Here are some other comments and suggestions:
- The format of citations are confusing. Please use parentheses when appropriate. For example, the citations in the first line of introduction should be parenthesized.
- (Section 3.1) "ensuring extremely faithful..." -> "extremely" is not a proper word to be used in a scientific paper
- (Section 3.4) "Then we randomly select N ∈ {2, 3} samples from D, mix and concatenate them at random." -> One of the problems of such artificially created mixture is the inconsistency of sound characteristics in different component sounds such as reverberations and microphone quality.
- (Section 3.4) "we bind them with start, mid or end depending ..." -> This offers a poor time resolution.

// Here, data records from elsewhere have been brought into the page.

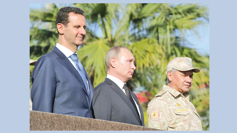 The Kremlin strongman thanked Russian troops for defending Russia from terrorism and helping Syria remain a “sovereign independent state”.
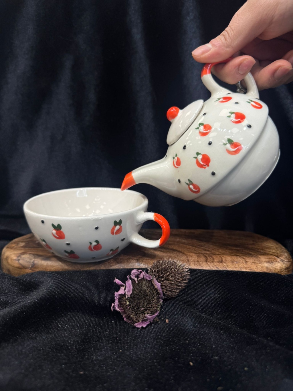 Set, bitki çayları, şifalı karışımlar ve doğal çaylar için ideal formdadır. Demlik ve fincanın bir arada kullanımı, içeceğin enerjisinin dağılmadan sunulmasına yardımcı olur. Doğal tonlar ve yumuşak desenler, görsel olarak sakinlik hissi verirken, kullanım sırasında zihinsel rahatlama sağlamaya katkı sunar.
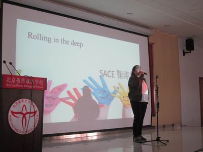4月1日下午1点半,国际高中部全体师生齐聚学校报告厅,举行了首届英文歌曲比赛。本次比赛邀请了外教Nathan、Jacinta,中教刘蕊、杨翠、张美惠及陈静老师担任评委。高一、高二和高三SACE 班的学生踊跃参加,他们带着精心准备的十首歌曲,共同为观众们献上一场激情饱满的英语歌曲盛宴。
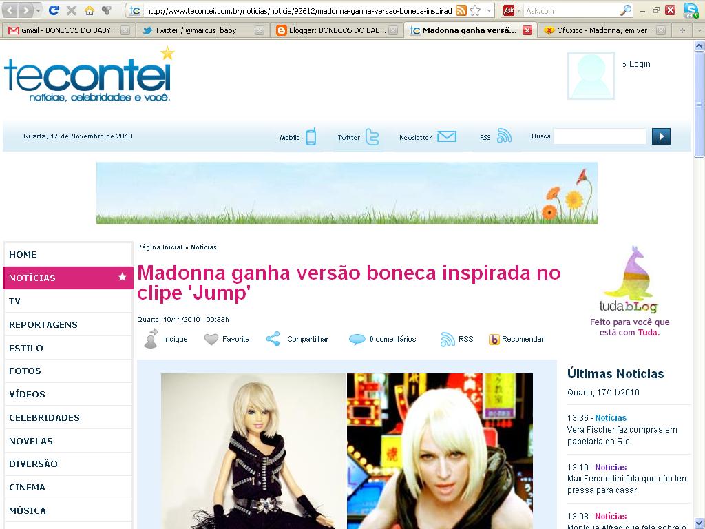Minha boneca "Madonna Jump" também foi destaque nos sites Yahoo OMG, Fofocando, Fofoki, o 6R, o Jornal da Cidade, Net Mulher, o G-SAT NET (de Portugal), Estilo Madonna, o Jornal Tribuna do Norte e mais um monte de sites e blogs dedicado a musa Madonna! Mais uma vez gente, valeu tanto carinho e divulgação da minha arte! Muito obrigado!!

It remains unclear how this method can be scaled up to long-form audio generation.
- (Section 3.5) "Furthermore, the use of a 2D-convolution layer and spatial transformer-stacked U-Net architecture limits the model's ability to generate variable-length audio." -> Not sure why this is the case. I believe UNets can generate the desired output length if you can provide a noise sequence of the same length. Please provide more supporting evidence for your argument.
- (Section 4.1) "This results in a dataset composed of 0.92 million audio text pairs, ..." -> From this I assume there is an intense filtering involved during the preprocessing since AudioSet has 2M samples and is rather noisy. Please include some descriptions on the data cleaning approach in the main text as it is a critical step.
- (Section 4.2) AudioCaps and Clotho are both noisy datasets, so FD and FAD doesn't necessarily measure the audio quality. Moreover, I believe KL doesn't measure the audio quality. CLAP is also known to perform poorly on complex audio with multiple sources and temporal ordering.
- (Section 5) "TETA achieves the SOTA audio generation quality in both objective and subjective metrics and extends the boundaries of the T2A." -> This is a problematic statement as the authors only evaluated the systems on AudioCaps and Clotho.